24. The Honourable Supreme Court relied upon the earlier Supreme Court judgments and law relating to estoppel dealt by Arthur Caspersz under the title "Conduct of Indifference or Acquiscence" and held as stated above. Therefore, respondents 2 and 3 are also bound by their conduct and they are bound to accept the amount agreed to be paid by the petitioners.
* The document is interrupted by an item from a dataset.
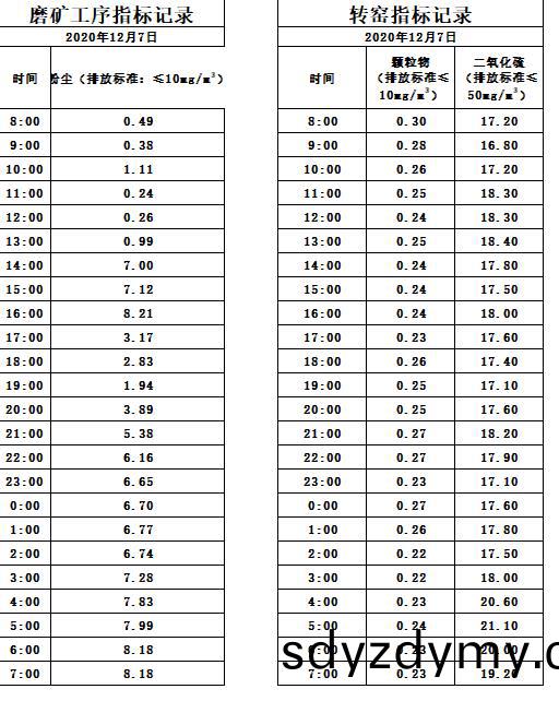 山東道(dao)恩(en)鈦(tai)業(ye)股份(fen)有(you)限(xian)公司(si)2020年(nian)12月7磨(mo)鑛(kuang)工(gong)序(xu)煙(yan)氣及(ji)轉窰(yao)煙氣指標數(shu)據:

25. Though I held that the sale of the properties by the first respondent in favour of respondents 2 and 3 are vitiated by reason of not following of the mandatory provisions of Rules 8(5), 8(6) and 9(2), as per the judgment of the Division Bench in 2009 (5) CTC 385 cited supra, the aforesaid bank may be permitted to conduct further auction. But, in this case, as respondents 2 and 3 have agreed to receive Rs.1,41,00,000/= in full quit and that was also accepted by the petitioners and also made the amount ready, respondents 2 and 3 are bound to receive the same. Further, the amount was made ready by the petitioners in the month of March 2007. Therefore, there is no need to permit the first respondent to conduct further auction. As the petitioners have the benefit of money with them, they are liable to pay the said sum with interest at the rate of 9% per annum from April 2007. The petitioners are granted time to make payment of the said amount within a period of thirty days from the date of receipt of copy of this order. The sales in favour of respondents 2 and 3 shall be set aside on payment of the aforesaid sum of Rs.1,41,00,000/= with interest at 9% per annum from April 2007. If respondents 2 and 3 refuse to receive the same, the petitioner shall deposit the amount with the first respondent bank. In the result, the writ petition is allowed. No costs. The connected miscellaneous petitions are closed.
ssk To The Assistant General Manager & Authorised Officer, State Bank of India, Commercial Branch, Post Box No.162, 6-A West Veli Street, Madurai 625 001.